报名处那场风波之后的第二天,个人战的分组抽签在演武场正门前的广场上进行。
广场上临时搭了一座三尺高的木台,台上摆着一张紫檀长桌,桌上放着一个用红绸蒙面的铜制签筒。签筒不大,但铜壁铸得极厚,筒身上刻满了历代武林盟主的名字,每个名字都只有指甲盖大小,密密麻麻地排列在一起,像是某种古老的封印。负责抽签的人是昨天那位在城门口给他们递令牌的中年执事——他姓孟,单名一个“淮”字,是武林盟的礼部执事,专门负责所有擂台的分组和排期。他站在紫檀长桌后面,手里拿着一本厚厚的名册,面前站满了今天来抽签的参赛者。

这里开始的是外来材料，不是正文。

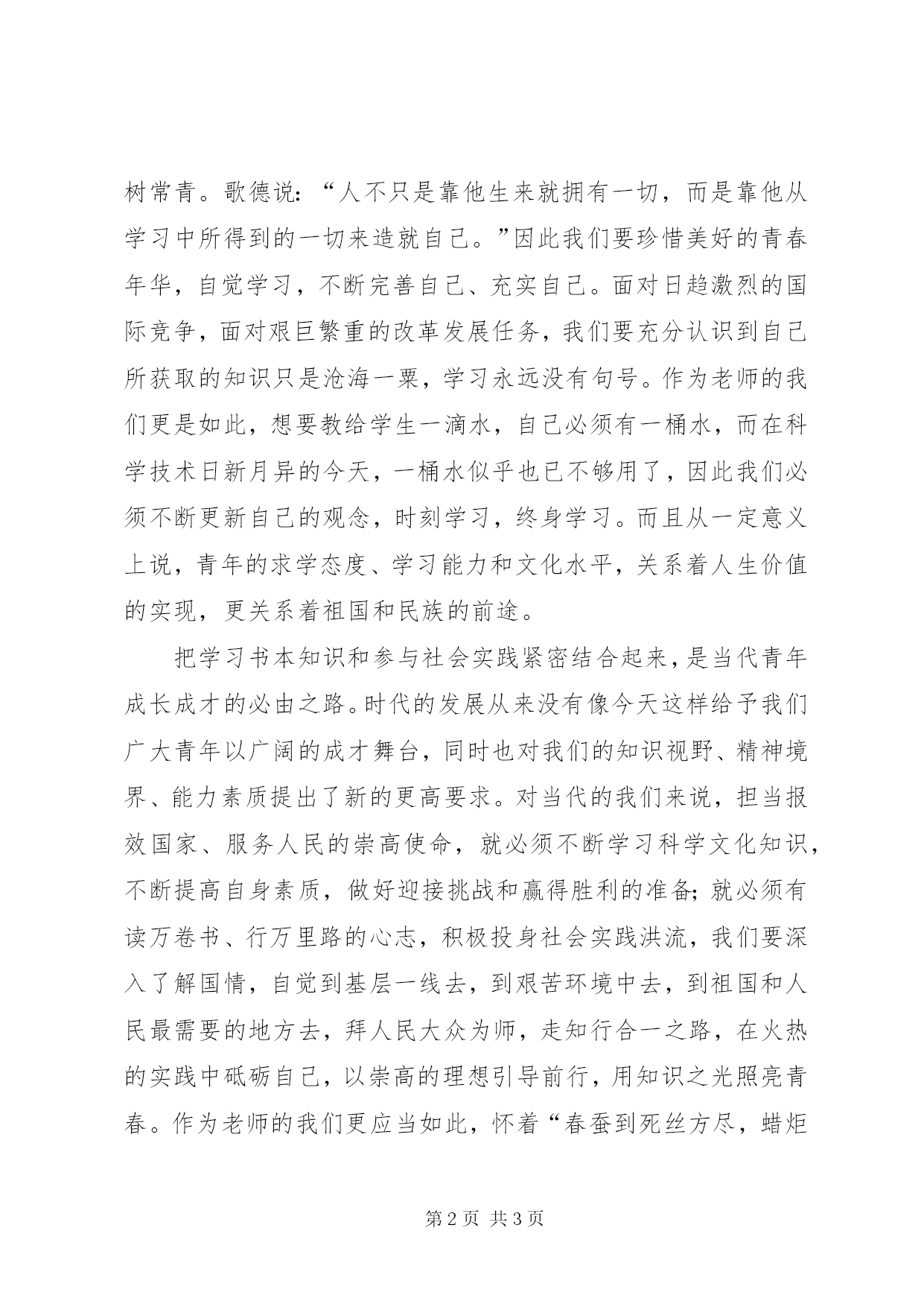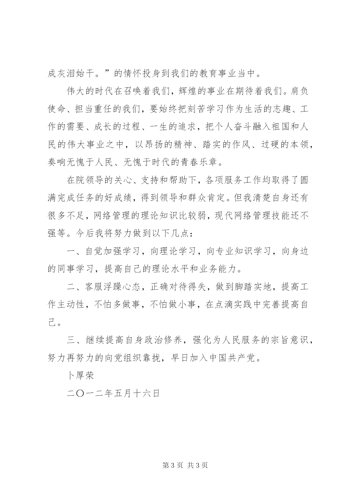 第PAGE\*Arabic\*MERGEFORMAT3页共NUMPAGES\*MERGEFORMAT3页五四青年说心得体会心得体会青春是起航的征帆,远大理想是灯塔,刻苦学习、艰苦奋斗是不竭动力,以高尚品行护航,开拓创新为核心竞争力。胡总书记提出的五点希望,正是鼓励引导广大青年扬帆远航、勇担使命的深情寄语。作为单位的网络管理员,做好管理啊,资讯要丰富,更新要及时,要保证网络的畅通和安全。要跟各庭审做好工作,广泛收集信息和资料。自己首先要学习,要以严格要求自己,这样才能法院网络正常工作,为审判业务保驾护航。2012年5月4日,中国共产主义青年团成立90周年的日子,90年的光辉岁月凝聚着一代又一代青年志士的奉献,一代又一代的青年团员在党中央及各领导的关怀下,不断发展,幸福成长。在今年的纪念大会上胡总书记不仅表达了对青年一代的关怀与爱护,同时也给我们青年一代提出了新的希望和要求。胡锦涛总书记在五四重要讲话中希望广大青年坚持刻苦学习,面向现代化、面向世界、面向未来,以只争朝夕的紧迫感,如饥似渴地学习,不断充实自己、提高自己、丰富自己;同时,注重在实践的熔炉中增长见识、砥砺品质、强化本领,努力成为可堪大用、能负重任的栋梁之材。这是党对我们青年一代的殷切期待,对于激励我们的成长成才具有重要意义。青春是一个充满求知渴望、富于探索和追求的黄金时期。青春稍纵即逝,知识之树常青。歌德说:“人不只是靠他生来就拥有一切,而是靠他从学习中所得到的一切来造就自己。”因此我们要珍惜美好的青春年华,自觉学习,不断完善自己、充实自己。面对日趋激烈的国际竞争,面对艰巨繁重的改革发展任务,我们要充分认识到自己所获取的知识只是沧海一粟,学习永远没有句号。作为老师的我们更是如此,想要教给学生一滴水,自己必须有一桶水,而在科学技术日新月异的今天,一桶水似乎也已不够用了,因此我们必须不断更新自己的观念,时刻学习,终身学习。而且从一定意义上说,青年的求学态度、学习能力和文化水平,关系着人生价值的实现,更关系着祖国和民族的前途。把学习书本知识和参与社会实践紧密结合起来,是当代青年成长成才的必由之路。时代的发展从来没有像今天这样给予我们广大青年以广阔的成才舞台,同时也对我们的知识视野、精神境界、能力素质提出了新的更高要求。对当代的我们来说,担当报效国家、服务人民的崇高使命,就必须不断学习科学文化知识,不断提高自身素质,做好迎接挑战和赢得胜利的准备;就必须有读万卷书、行万里路的心志,积极投身社会实践洪流,我们要深入了解国情,自觉到基层一线去,到艰苦环境中去,到祖国和人民最需要的地方去,拜人民大众为师,走知行合一之路,在火热的实践中砥砺自己,以崇高的理想引导前行,用知识之光照亮青春。作为老师的我们更应当如此,怀着“春蚕到死丝方尽,蜡炬成灰泪始干。”的情怀投身到我们的教育事业当中。伟大的时代在召唤着我们,辉煌的事业在期待着我们。肩负使命、担当重任的我们,要始终把刻苦学习作为生活的志趣、工作的需要、成长的过程、一生的追求,把个人奋斗融入祖国和人民的伟大事业之中,以昂扬的精神、踏实的作风、过硬的本领,奏响无愧于人民、无愧于时代的青春乐章。在院领导的关心、支持和帮助下,各项服务工作均取得了圆满完成任务的好成绩,得到领导和群众肯定。但我清楚自身还有很多不足,网络管理的理论知识比较弱,现代网络管理技能还不强等。今后我将努力做到以下几点:一、自觉加强学习,向理论学习,向专业知识学习,向身边的同事学习,提高自己的理论水平和业务能力。二、客服浮躁心态,正确对待得失,做到脚踏实地,提高工作主动性,不怕多做事,不怕做小事,在点滴实践中完善提高自己。三、继续提高自身政治修养,强化为人民服务的宗旨意识,努力再努力的向党组织靠拢,早日加入中国共产党。卜厚荣二〇一二年五月十六日

洛星河站在人群第三排靠左边的位置。他今天换了件利落的藏青色短打,袖口用皮绳扎紧,头发用银簪高高束起,腰侧挂着剑。他旁边是凤霓裳——她今天也换了装束,不是前两天那件藏蓝劲装,而是一身墨黑色的短打,领口和袖口都滚着暗红色的边,腰间照例挂着短刀和九节鞭。她站在人群里,周围的参赛者自动跟她保持了两步的距离——昨天报名处那个蝴蝶结事件已经在一夜之间传遍了整个武林城。早上他们在客栈吃早饭的时候,江晏就兴冲冲地跑来说,吉祥赌坊武林城分号已经把“凤霓裳首战对手是谁”的赌盘赔率调整了三次,从一赔三一路降到一赔一点二。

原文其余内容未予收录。